-- Exercise inputs follows --
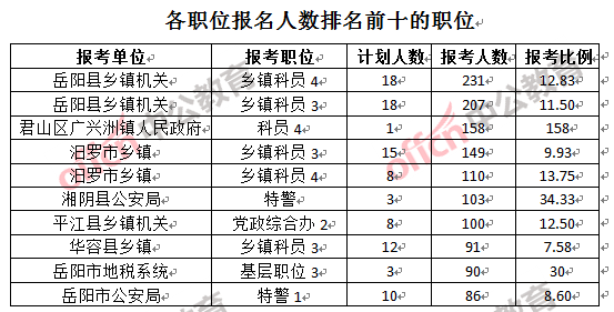 一、岳陽公務(wù)員報(bào)名人數(shù):各職位分析
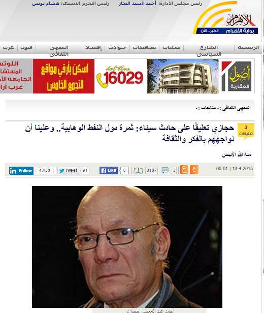 رغم التحالف العلني بين نظام الانقلاب ودول الخليج، وعلى رأسها السعودية، فإن الكاتب المقرب من السلطات المصرية أحمد عبد المعطي حجازي هاجم المملكة في أكبر جريدة حكومية، قائلًا: “أحداث سيناء ثمرة دول النفط الوهابية” في إشارة للمملكة.
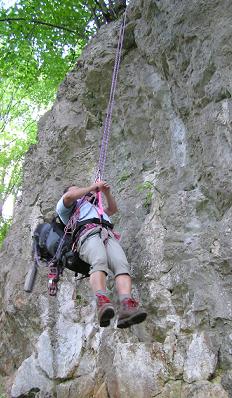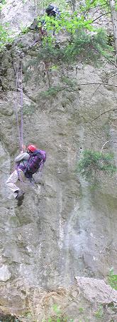 Eventuell ist die Begehung durch Zusammenschluß mit einer anderen Seilschaft möglich - aber sonst nicht, weil uns das Risiko dann eindeutig zu hoch wäre. Möglicherweise sähe das Ergebnis auch anders aus, wenn wir zwischen Übungen verschiedener Rettungsmuster abgeseilt und uns erholt hätten. Aber wir trainierten den Ernstfall, wo Du ja auch nicht abseilen kannst und ein Viertelstündchen Pause einlegst - im Gefrierschrank und frei hängend geht es um jede Minute, das wissen wir jetzt sicher!
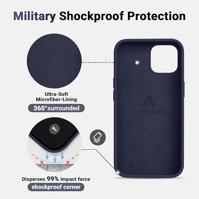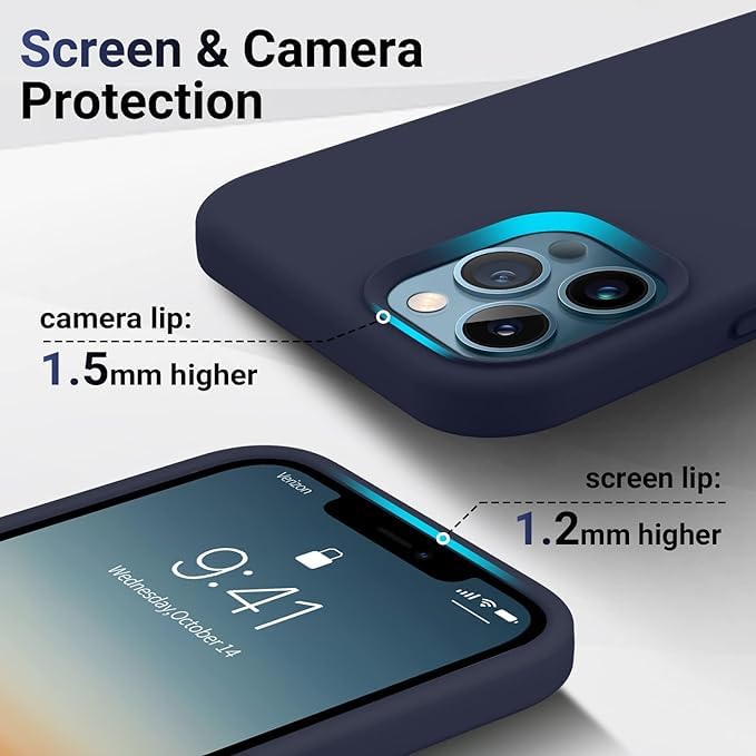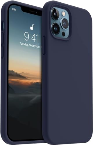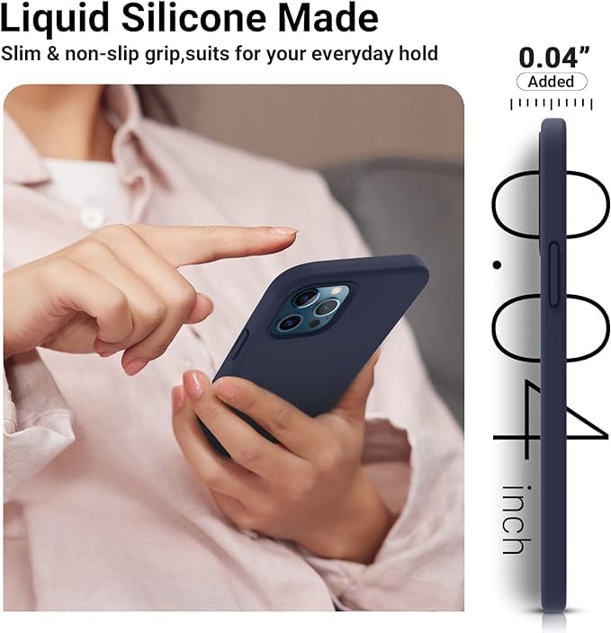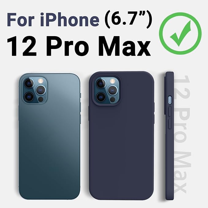 ELMO3EZZ - جراب حماية مضاد للصدمات مصمم لموبايل ايفون 12 برو ماكس موبايل من السيليكون السائل مع [بطانة ناعمة مضادة للخدش المايكروفايبر] كاملة السقوط 6.7 انش ازرق داكن ألياف دقيقة
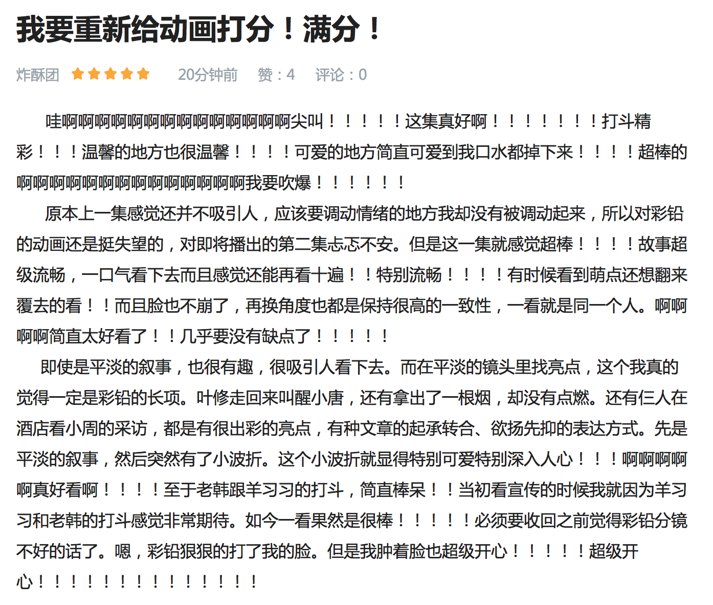 更为有趣的是,在5月4日播出的《全职高手》特别篇第2集中,叶修的“人设”又被彩色铅笔往美型方向进行了修正,粉丝们给的“满分”评价又重出江湖,该动画的总体评分又开始出现上升的趋势。
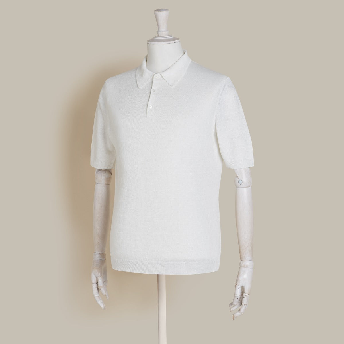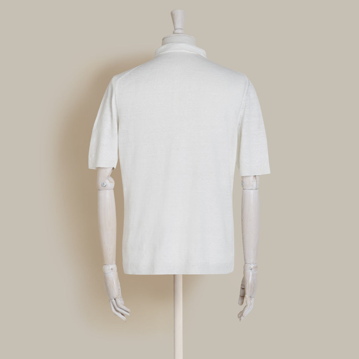 Short Sleeve Knitted Linen Polo Shirt In Off White
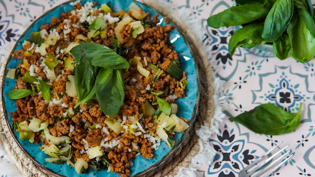 Dit recept voor zilvervliesrijst met kruidig gehakt is voor ongeveer 4 personen.
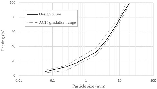 The type of asphalt mixture selected for the experimental study was characterized by a maximum nominal aggregate size of 16 mm (AC16), with a particle size distribution determined according to Italian technical specifications for standard dense-graded binder courses [39]. The target gradation curve and the gradation limits adopted are displayed in Figure 2. The total amount of RAP was added at a rate of 30 and 20% by weight of the aggregate for RAP 0/12 and RAP 0/20, respectively.
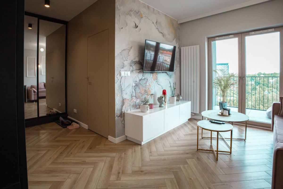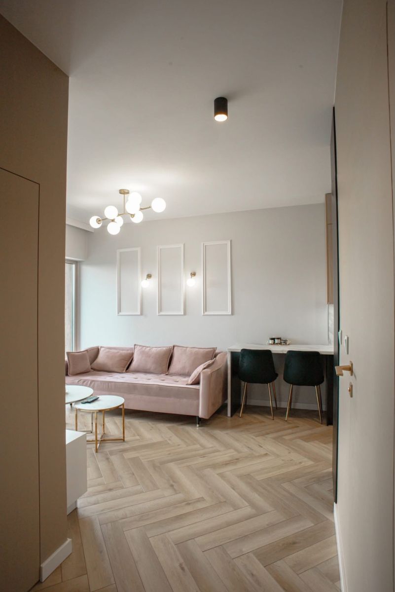 Mieszkanie zostało zaprojektowane przez architekta wnętrz i wykończone w wysokim standardzie, z dbałością o funkcjonalność i estetykę. Z okien rozciąga się widok na otwartą przestrzeń, bez bezpośredniego sąsiedztwa innych budynków, co zapewnia prywatność i komfort.
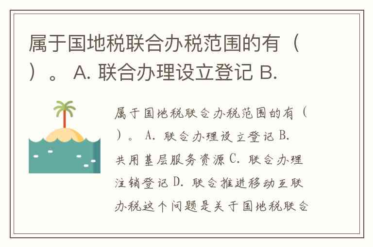 属于国地税联合办税范围的有()。 A. 联合办理设立登记 B. 共用基层服务资源 C. 联合办理注销登记 D. 联合推进移动互联办税
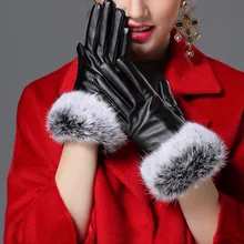 Warm Winter Gloves Female Leather Gloves Rabbit ...
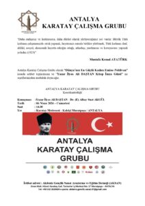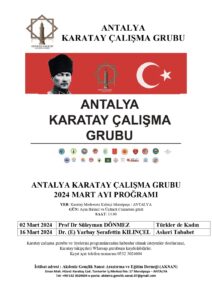 KONFERANSA ÇAĞRI! CANI GÖNÜLDEN DAVETLİSİNİZ…KARATAY ÇALIŞMA GRUBU 2024 MART AYI “SÖYLEŞİ PROGRAMI”…ANTALYA’DA YAŞAYAN DOSTLARIMIZI, DOSTLARI İLE BERABER...
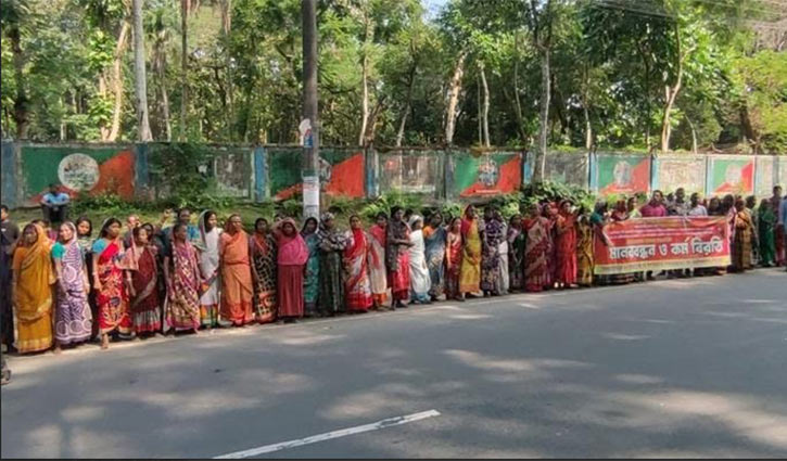 এর অংশ হিসেবে সোমবার সিলেটে লাক্কাতুরা চা বাগানের সামনে আম্বরখানা-এয়ারপোর্ট সড়কে মানববন্ধন ও বিক্ষোভ করেন ন্যাশনাল টি কোম্পানির লাক্কাতুরা, কেওয়াচড়া, দলদলি চা বাগানের কয়েকশ শ্রমিক। তাদের দাবি মজুরি না পেয়ে মানবেতর জীবন যাপন করতে হচ্ছে তাদের।
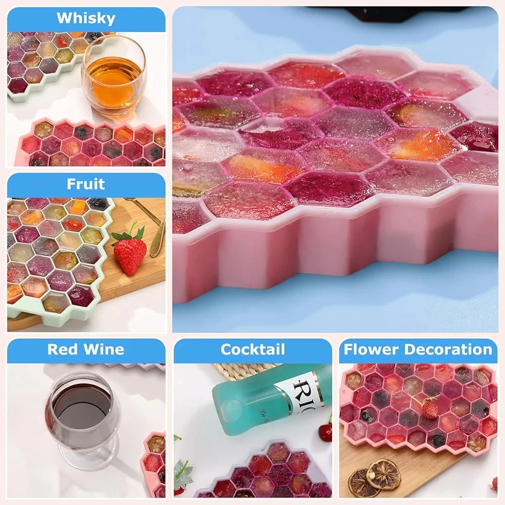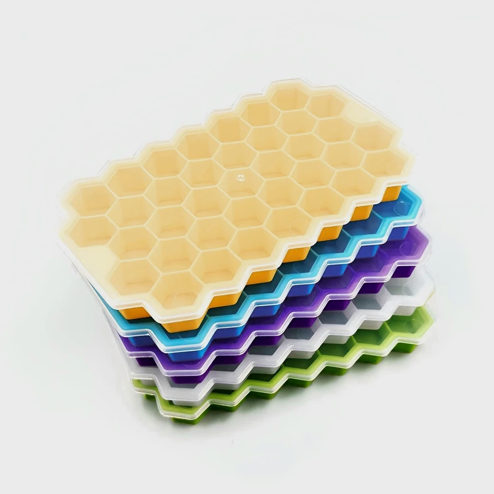 (Cubetera de hielo con diseño de hexágonos. Cuenta con una capacidad de 37 hielos. Ideal para llenarlo con agua, jugo, gelatina o lo que más gustes).
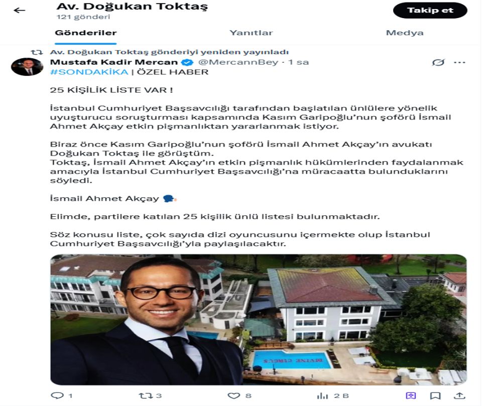 İstanbul'daki uyuşturucu soruşturmasında tutuklanan firari iş insanı Kasım Garipoğlu'nun şoförü İsmail Ahmet Akçay, etkin pişmanlıktan yararlanmak için savcılığa başvurdu. Avukatı aracılığıyla "Elimde partilere katılan 25 kişilik ünlü listesi var" diyen Akçay'ın, bu isimleri ifşa edeceği öğrenildi.
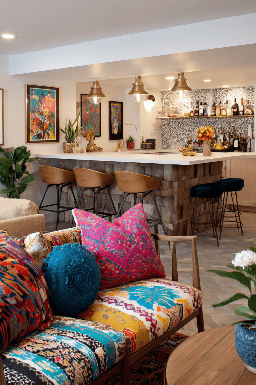 Free-spirited expression defines basement bar ideas inspired by bohemian style, where layered textiles, mixed materials, and relaxed seating create warmth. Soft lighting enhances the cozy atmosphere. The space feels artistic and personal. This design encourages connection and creativity. It reflects individuality beautifully. Explore boho basement bar ideas full of creative charm.
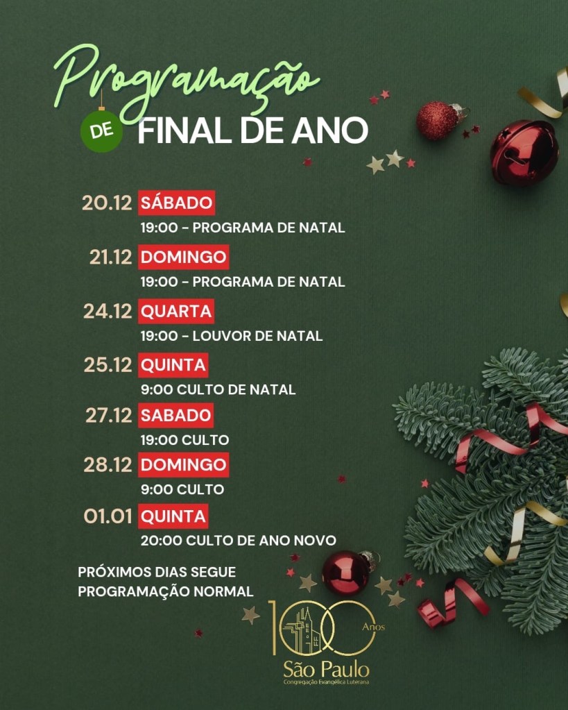 O pastor Carlos estará de férias do dia 02/01/26 até o dia 23/01/26.
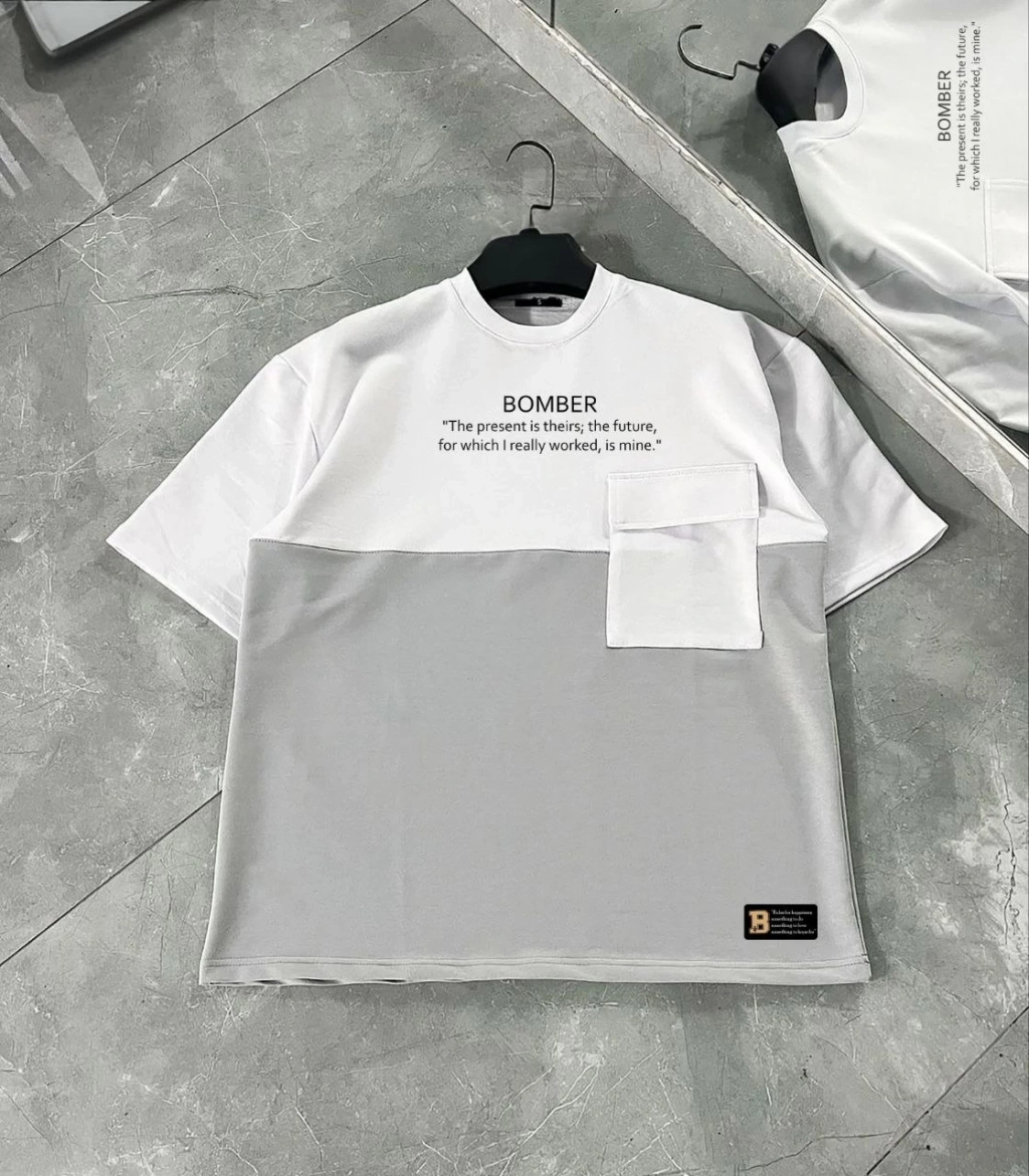 Unisex Torba Cep Detaylı Parçalı T-Shirt - Gri
-- Exercise inputs concluded --
The problem: Copy nothing but the lines above from the one with "এর অংশ হিসেবে" to the one with "İstanbul'daki uyuşturucu soruşturmasında", inclusive, word for word. Leave every picture out.

Solved exercise:
 এর অংশ হিসেবে সোমবার সিলেটে লাক্কাতুরা চা বাগানের সামনে আম্বরখানা-এয়ারপোর্ট সড়কে মানববন্ধন ও বিক্ষোভ করেন ন্যাশনাল টি কোম্পানির লাক্কাতুরা, কেওয়াচড়া, দলদলি চা বাগানের কয়েকশ শ্রমিক। তাদের দাবি মজুরি না পেয়ে মানবেতর জীবন যাপন করতে হচ্ছে তাদের।
 (Cubetera de hielo con diseño de hexágonos. Cuenta con una capacidad de 37 hielos. Ideal para llenarlo con agua, jugo, gelatina o lo que más gustes).
 İstanbul'daki uyuşturucu soruşturmasında tutuklanan firari iş insanı Kasım Garipoğlu'nun şoförü İsmail Ahmet Akçay, etkin pişmanlıktan yararlanmak için savcılığa başvurdu. Avukatı aracılığıyla "Elimde partilere katılan 25 kişilik ünlü listesi var" diyen Akçay'ın, bu isimleri ifşa edeceği öğrenildi.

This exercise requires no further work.